Synergistic destruction of pulmonary tissue
Effective monitoring of health-status deterioration is crucial in CPA, since failure to proactively manage early deterioration may result in further lung damage and development of complications such as hemoptysis, which may otherwise have been preventable or amenable to treatment in Australian Viagra Pharmacy. Moreover, this association between CPA severity and SGRQ scores suggests that the SGRQ could serve in assessing health status in clinical trials, measuring response of CPA to medical or surgical intervention from the patient’s perspective. In other chronic respiratory diseases, such as COPD, it has been documented that a four-point change in SGRQ scores represents the minimum clinically significant difference. However, future studies are needed to determine the equivalent value in CPA.
SGRQ scores showed only modest correlation with impairment in lung function, which accords with previous studies in other chronic progressive pulmonary diseases, such as COPD and bronchiectasis. As with patients with bronchiecatasis and pulmonary TB, SGRQ scores in this cohort were not affected by sex difference, supporting the stability of SGRQ in assessing health status in CPA.
This study showed that COPD was the most common and effective underlying comorbidity with CPA. Since both CPA and COPD are chronic, progressive, inflammatory, pulmonary diseases, a possibility of an existing interaction between these two diseases can be suggested.
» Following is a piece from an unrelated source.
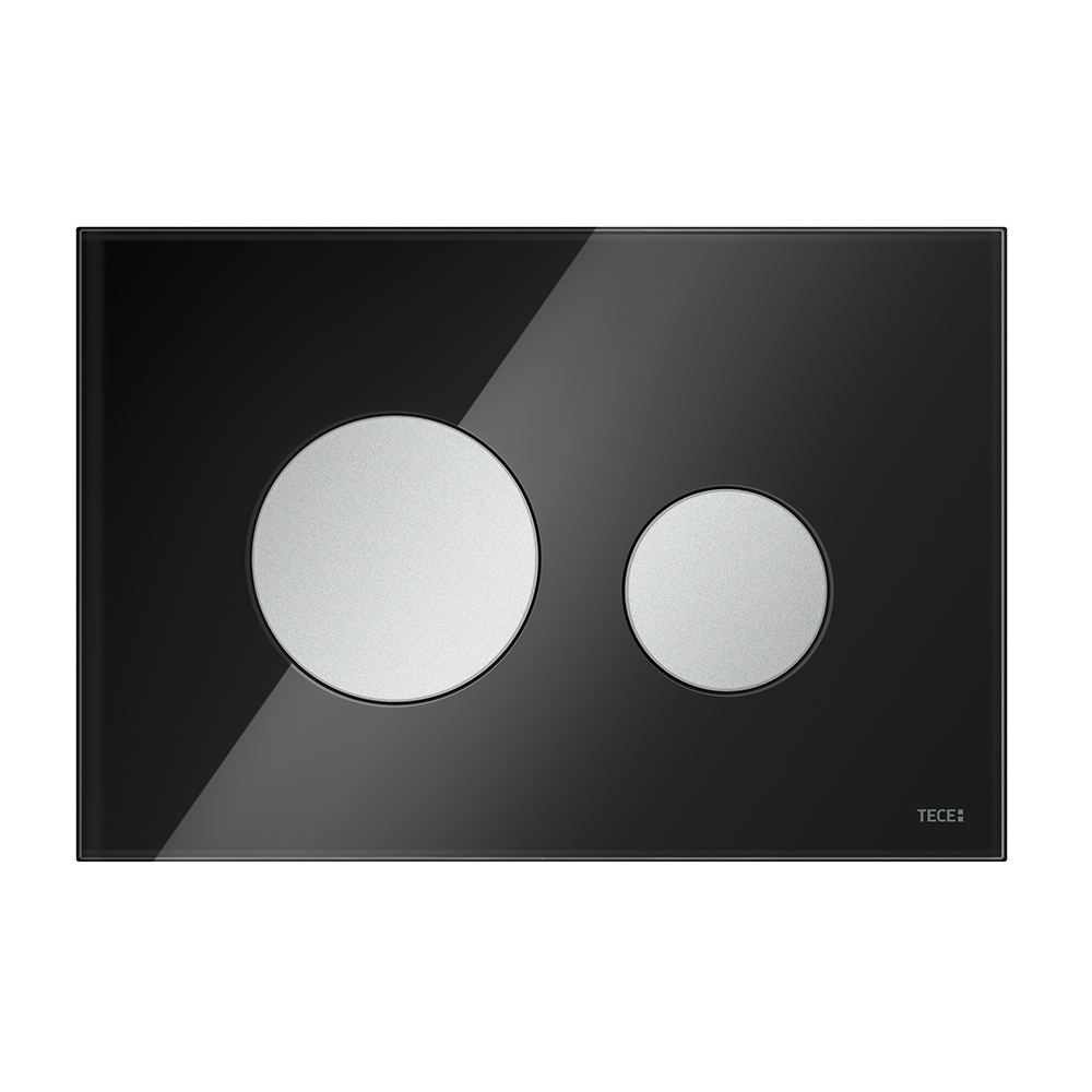Панель смыва для смывных бачков TECE, фронтальная или верхняя установка. Плоская стеклянная панель смыва с двумя установленными на пружинах клавишами смыва. Подходит для монтажа на уровне стены вместе с монтажной рамкой унитаза (например арт. 9240649). Совместима с контейнером для гигиенических таблеток.

Perhaps “synergistic” destruction of pulmonary tissue and inflammation would contribute to the high SGRQ score of those who had both diseases. Further investigation of the management of such cases may be warranted. This finding should be further investigated in a longitudinal cohort study. Moreover, another interesting observation was that the SGRQ total score maintained its association with CPA severity even after being adjusted to several possible cofounders, including COPD and other underlying chronic pulmonary diseases. This shows that health-status impairment in CPA is independently related to CPA severity, but can be exaggerated by the presence of other coexisting pulmonary diseases.
We found no statistically significant association between socioeconomic status and SQRQ total and dimensional scores. This is consistent with findings in other chronic progressive pulmonary diseases in which socioeconomic factors did not correlate with SGRQ score, as shown by Stahl and colleagues.